Runar Hove

Personal information
- Full name: Runar Ullaland Hove
- Date of birth: 8 August 1995 (age 30)
- Place of birth: Florø, Norway
- Height: 1.95 m (6 ft 5 in)
- Position: Centre-back

Youth career
- 0000–2011: Florø

Senior career*
- Years: Team / Apps / (Gls)
- 2011–2018: Florø / 139 / (33)
- 2019–2021: Viking / 37 / (2)
- 2021–2022: Brann / 6 / (0)

International career
- 2011: Norway U16 / 6 / (1)
- 2012: Norway U17 / 2 / (0)

= Runar Hove =

Norwegian footballer (born 1995)

Runar Ullaland Hove (born 8 August 1995) is a Norwegian former footballer who played as a centre-back.

==Career==
Hove was born in the town of Florø and started his senior career with Florø SK in 2011. He stayed with the club for eight seasons. On 20 December 2018, he signed a three-year contract with Eliteserien club Viking. Despite being sidelined for two months with a knee injury, Hove played regularly throughout the 2019 season, amassing 24 appearances in total. He was also a starter in the victorious cup final against Haugesund the same year. In the third round of the 2020 Eliteserien, he suffered a hamstring injury that would keep him sidelined for the rest of the season. On 26 August 2021, he signed a one-and-a-half-year contract with fellow Eliteserien club Brann. Brann were relegated after a play-off match where Hove was sent off and the match was decided on penalties.

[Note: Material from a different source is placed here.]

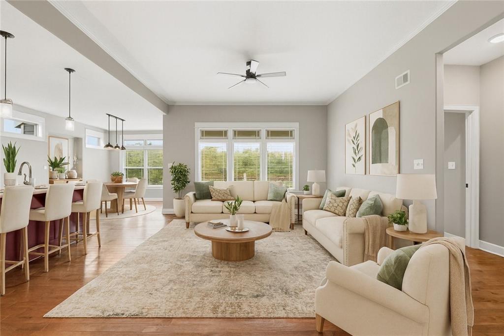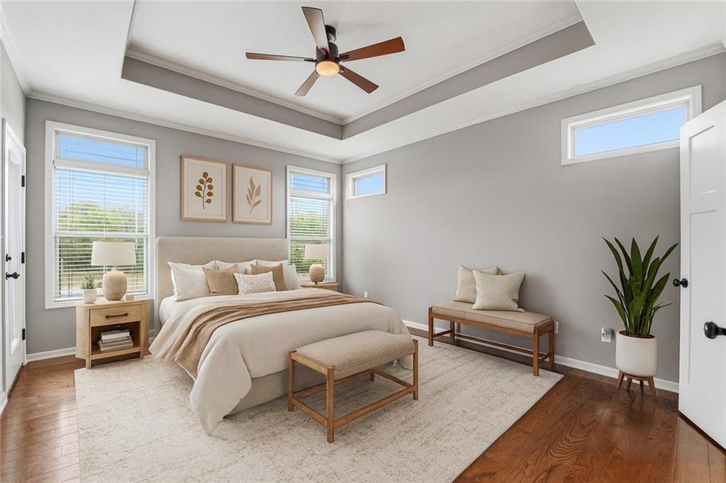BACK ON THE MARKET THRU NO FAULT OF THE HOME/SELLER SIDE. OPPTY. IS OPEN! Exec.-style 4 bdrm./1 ofc., 3 bath, 3 car gar. home w/a handsome shop, w/heavily timbered acreage backyard, paved road, easy access to everywhere, a rare find. An inviting open layout, gorgeous hardwoods, revealing the hub of the home-the liv. rm., kit. & din. area. The beautiful kitchen features recessed lighting, granite countertops, a center island, walk-in pantry, built-in hutch, dbl. sinks, ss appl., task lighting. Lg. windows fill the space w/natural light & frame your rural scenery. The lg. primary suite is a true retreat, featuring coffered ceilings, abundant windows & tiled bathroom with a private water closet, double granite vanity, and a “wow” walk-in shower/seat. The large walk-in closet includes custom built-ins. Bdrm. & closet connect conveniently to the laundry room. A 2nd bedroom and full bath are also located on the main level, both finished in soft, neutral tones. The wide staircase is a pretty focal point in the home, leading to the lower level-home to a spacious family room with a gas-starter fireplace, wet bar, game closet and custom shelving. You’ll also find two more generous bedrooms, another full tiled bath, and a spacious home office. Other pluses-a dedicated storm shelter & storage area in the unf. part of bsmt./utilities. This home truly has it all-the perfect blend of comfort, luxury, privacy, and nature. It feels nearly new and showcases quality craftsmanship in every detail. Addl. ext. features include a 3-car attached garage, a lg. backyard deck, covered patio, recessed soffit lighting for your landscaping, covered entry way, garden beds, 4 wheeler trails & your own private hunting spot/nature exploration. An amazing 40x30 shop equipped with a 200-amp electrical panel, an 8-ft. covered overhang, an RV door, standard door & man door. Located on a paved road just off Hwy 59, this exceptional rural property offers easy access to major hwys. Click on the video!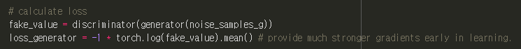 loss_generator = -1 * torch.log(fake_value).mean() # provide much stronger gradients early in learning.

He retired after the 2022 season at the age of 27.

==Career statistics==

Appearances and goals by club, season and competition
Club: Season; League; Cup; Continental; Other; Total
Division: Apps; Goals; Apps; Goals; Apps; Goals; Apps; Goals; Apps; Goals
Florø: 2011; 3. divisjon; 2; 0; 0; 0; —; —; 2; 0
2012: 10; 1; 2; 0; —; —; 12; 1
2013: 24; 7; 3; 0; —; —; 27; 7
2014: 2. divisjon; 25; 7; 3; 1; —; —; 28; 8
2015: 12; 2; 1; 0; —; —; 13; 2
2016: 26; 8; 1; 0; —; —; 27; 8
2017: 1. divisjon; 25; 6; 4; 0; —; —; 29; 6
2018: 15; 2; 0; 0; —; —; 15; 2
Total: 139; 33; 14; 1; —; —; 153; 34
Viking: 2019; Eliteserien; 20; 2; 4; 0; —; —; 24; 2
2020: 3; 0; —; 0; 0; —; 3; 0
2021: 14; 0; 0; 0; —; —; 14; 0
Total: 37; 2; 4; 0; 0; 0; —; 41; 2
Brann: 2021; Eliteserien; 6; 0; 0; 0; —; 1; 0; 7; 0
2022: 1. divisjon; 0; 0; 1; 0; —; —; 1; 0
Total: 6; 0; 1; 0; —; 1; 0; 8; 0
Career total: 182; 35; 19; 1; 0; 0; 1; 0; 202; 36

==Personal life==
He is a twin brother of fellow Florø player Erlend Hove.